Ahmed Adams

Personal information
- Date of birth: 6 March 1993 (age 32)
- Place of birth: Kumasi, Ghana
- Height: 1.83 m (6 ft 0 in)
- Position(s): Defender

Senior career*
- Years: Team / Apps / (Gls)
- 2012–2014: Berekum Chelsea / 10 / (0)
- 2014–2015: Al-Shoalah / 7 / (0)
- 2015–2018: Asante Kotoko
- 2019–2020: Berekum Chelsea / 13 / (0)
- 2020-2021: Flat Earth FC
- 2022: Austfjarða / 18 / (0)

International career^{‡}
- 2012: Ghana U20 / 3 / (0)
- 2015: Ghana U23 / 5 / (0)

= Ahmed Adams =

Ghanaian footballer (born 1993)

Ahmed Adams (born 6 March 1993) is a Ghanaian footballer who most recently played as a defender for Iceland club KFA in 2.deild.

==Career==
===Club career===
Adams has played for his club Berekum Chelsea in the Ghana Premier League.

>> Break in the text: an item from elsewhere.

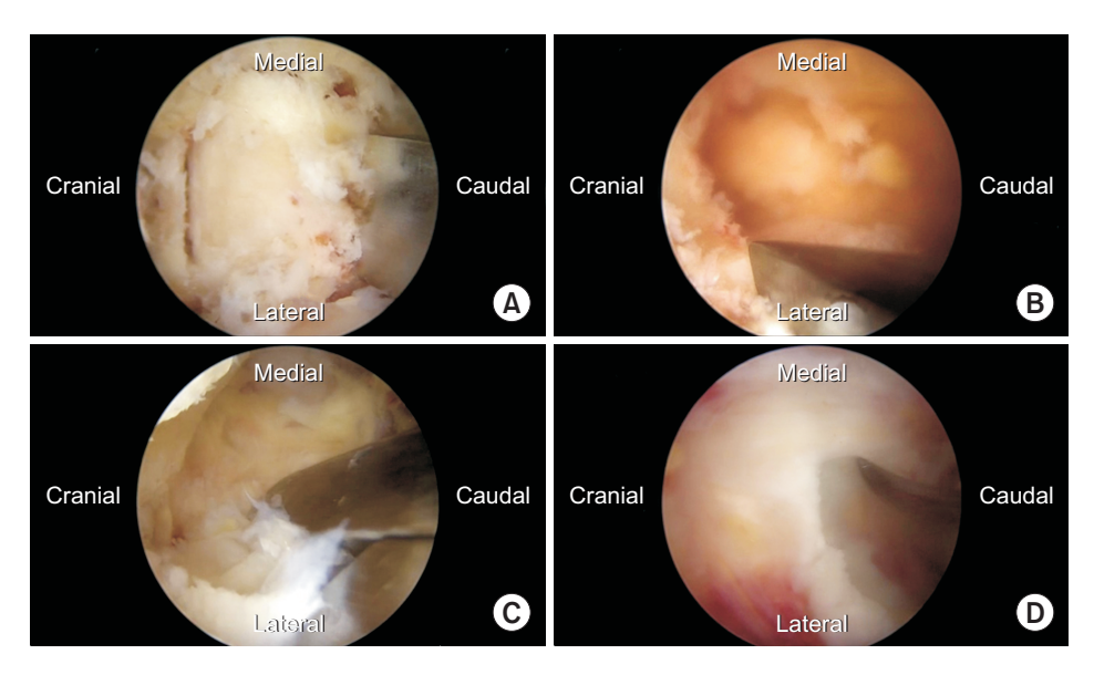
Fig. 1. Intraoperative arthroscopic images obtained during biportal endoscopic transforaminal lumbar interbody fusion. (A) Laminectomy using an osteotome for autologous bone harvest. (B) Ostectomy of the inferior articular process. (C) Removal of the foraminal ligament after facetectomy. (D) Disc incision using a biportal endoscopic specialized knife for discectomy.

Fourteen consecutive patients (six males and eight females) with degenerative lumbar diseases who were treated with BE-TLIF were enrolled in this study. The average patient age at the time of surgery was 68.7 \pm 8.5 years (range, 49 to 85 years). The causes of disease included eight patients with central spinal stenosis with foraminal stenosis, four patients with degenerative spondylolisthesis, and two patients with isthmic spondylolisthesis. On the level of operation, three cases were at L3–4, nine cases were at L4–5 and two cases were at L5–S1. The mean operative time was 169 \pm 10 minutes. The mean estimated blood loss (drainage blood) was recorded at 74 \pm 9 mL.

===International career===
In 2013, coach Sellas Tetteh called him up to be a member of the Ghana Under 20 national team for the 2013 African Youth Championship in Algeria. He played one match during the tournament.

==Personal life==
He is the elder brother of TSG Hoffenheim and Black Stars defender Kasim Nuhu Adams.